Step 2) – Move the mixture in a stand mixer bowl and mix all the ingredients for 4/5 minutes or until you have a smooth and soft cream.
Step 3) – Add the whipped cream little by little to the mixture, stirring gently, with a movement from the bottom upwards.
Step 4) – Now your delicious cream is ready. Cover it with cling film and leave in the refrigerator until ready to serve. When it’s time to serve this delicious dessert, gently remove the cling film and fill some little cups such as our Chocolate Cookie Cups.
How to Make Chocolate Cookie Cups
Step 1) – Now we’ll show you how to make delicious cups made with dark chocolate biscuits that you can break and eat with coffee mascarpone cream. So melt the butter in a double boiler then pour it in a food processor with the chocolate cookies.

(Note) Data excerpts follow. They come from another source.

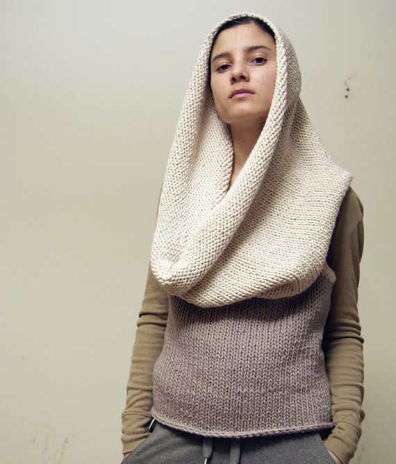 Separately, it is necessary to allocate transformer scarves with sleeves or cuffs. This model appeared relatively recently - in 2008 in Italy, received the name "Sciarpone" and the recognition of Russian knitters. But the fashion for the shortened models has passed, and such scarves can be found less often on the streets and in stores. According to the design idea, the “Sciarpone” scarf turns into a short bolero or a sweater with a hood. Anna Serdyukova’s laconic boleros over tight knitwear will be appropriate in casual style, and paired with a cocktail dress will create a romantic look.
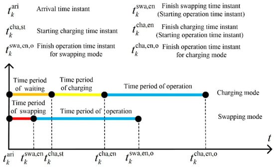 Due to the significantly shorter swapping time compared to the charging time, the swapping mode effectively saves both the charging and waiting time. The saved time can produce more profit for the EVT. For the charging mode, , and are defined as the time periods of waiting, charging and operation in area , respectively. and are defined as the time instants of start charging and the completed operation time instants for the swapping mode. For the swapping mode, and are defined as the time periods of swapping and operation in area , respectively. is defined as the completed operation time instants for the swapping mode.
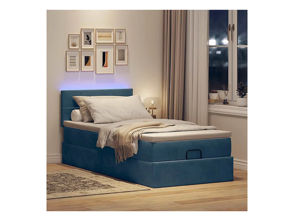 Giroletto con LED senza Materasso Hanko Blu 100x200 cm in Velluto
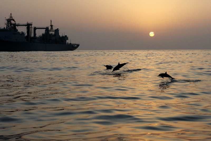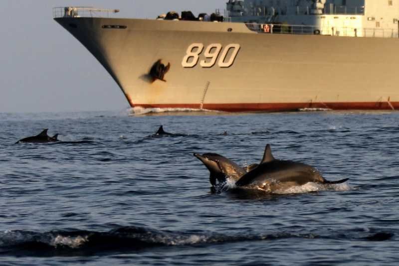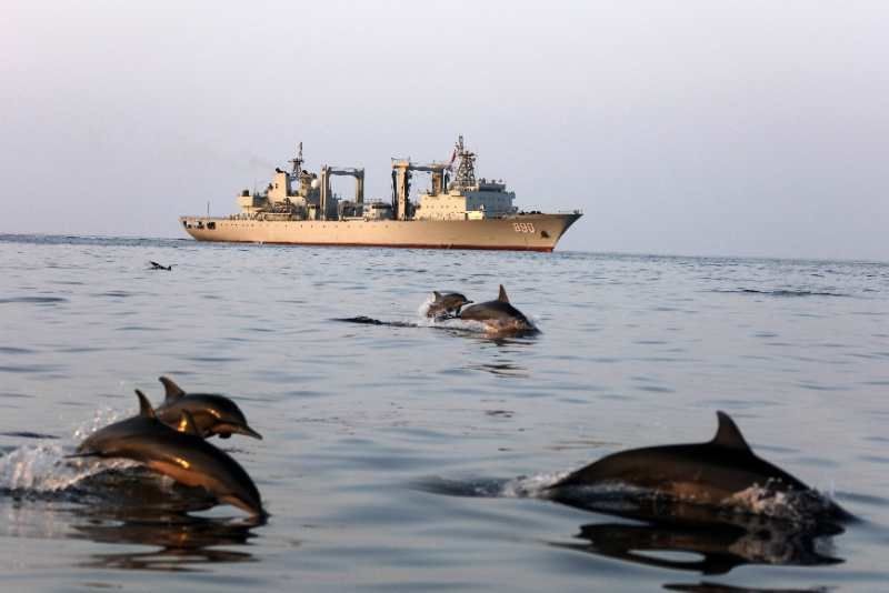 中國海軍赴亞丁灣索馬里海域護(hù)航編隊(duì)始終秉持海洋命運(yùn)共同體理念,堅(jiān)持人與大海和諧相處,注重生態(tài)環(huán)境保護(hù),贏得大自然積極回報(bào),經(jīng)常出現(xiàn)編隊(duì)艦艇航行時(shí)有成群海豚伴航、待機(jī)集結(jié)時(shí)有各類魚群相伴的和諧場(chǎng)景。

Step 2) – Mince cocoa cookies and butter until the mixture is smooth.
Step 3) – Set the mixture into a bowl and let it rest in the refrigerator for half an hour, so that it would be easier to mold. Meanwhile, cover the inside of some silicone cups with cling film. Then mold the mixture into the bowls forming a layer of about half hinch, making sure that it sticks. Now put the Chocolate Cookie Cups in the refrigerator for at least 2 hours.
Step 4) – Just before serving, fill the chocolate cookie cups with the cream, sprinkle with cocoa powder, then decorate with raspberries.